• [Records provided]
- - -

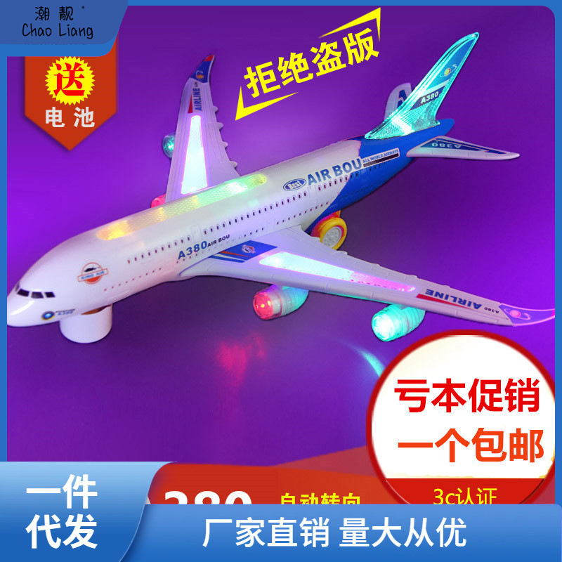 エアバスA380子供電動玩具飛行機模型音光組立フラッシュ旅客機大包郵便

- - -

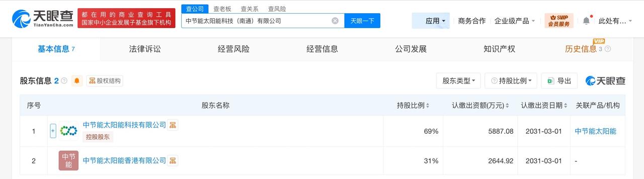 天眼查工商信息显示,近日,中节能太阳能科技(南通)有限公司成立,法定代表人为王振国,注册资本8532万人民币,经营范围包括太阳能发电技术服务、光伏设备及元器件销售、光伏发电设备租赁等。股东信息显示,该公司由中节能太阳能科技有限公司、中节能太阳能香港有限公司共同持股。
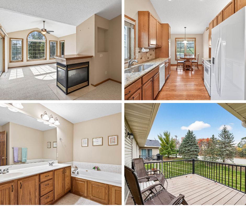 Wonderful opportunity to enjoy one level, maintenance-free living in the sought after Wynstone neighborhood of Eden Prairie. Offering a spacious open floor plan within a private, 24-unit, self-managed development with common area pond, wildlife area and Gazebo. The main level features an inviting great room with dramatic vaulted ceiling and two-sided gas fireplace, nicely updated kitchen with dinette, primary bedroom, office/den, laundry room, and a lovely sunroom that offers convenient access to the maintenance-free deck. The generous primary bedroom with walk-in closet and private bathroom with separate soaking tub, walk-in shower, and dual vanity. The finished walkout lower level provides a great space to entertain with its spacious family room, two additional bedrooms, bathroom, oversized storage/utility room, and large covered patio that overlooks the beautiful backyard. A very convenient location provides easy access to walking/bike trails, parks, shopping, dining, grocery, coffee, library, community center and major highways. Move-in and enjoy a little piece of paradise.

- - -

• [Your task]
Copy out the lines above from the line containing "天眼查工商信息显示,近日,中" through the line containing "Wonderful opportunity to", exactly, and keep the pictures out.

• [Finished exercise]
 天眼查工商信息显示,近日,中节能太阳能科技(南通)有限公司成立,法定代表人为王振国,注册资本8532万人民币,经营范围包括太阳能发电技术服务、光伏设备及元器件销售、光伏发电设备租赁等。股东信息显示,该公司由中节能太阳能科技有限公司、中节能太阳能香港有限公司共同持股。
 Wonderful opportunity to enjoy one level, maintenance-free living in the sought after Wynstone neighborhood of Eden Prairie. Offering a spacious open floor plan within a private, 24-unit, self-managed development with common area pond, wildlife area and Gazebo. The main level features an inviting great room with dramatic vaulted ceiling and two-sided gas fireplace, nicely updated kitchen with dinette, primary bedroom, office/den, laundry room, and a lovely sunroom that offers convenient access to the maintenance-free deck. The generous primary bedroom with walk-in closet and private bathroom with separate soaking tub, walk-in shower, and dual vanity. The finished walkout lower level provides a great space to entertain with its spacious family room, two additional bedrooms, bathroom, oversized storage/utility room, and large covered patio that overlooks the beautiful backyard. A very convenient location provides easy access to walking/bike trails, parks, shopping, dining, grocery, coffee, library, community center and major highways. Move-in and enjoy a little piece of paradise.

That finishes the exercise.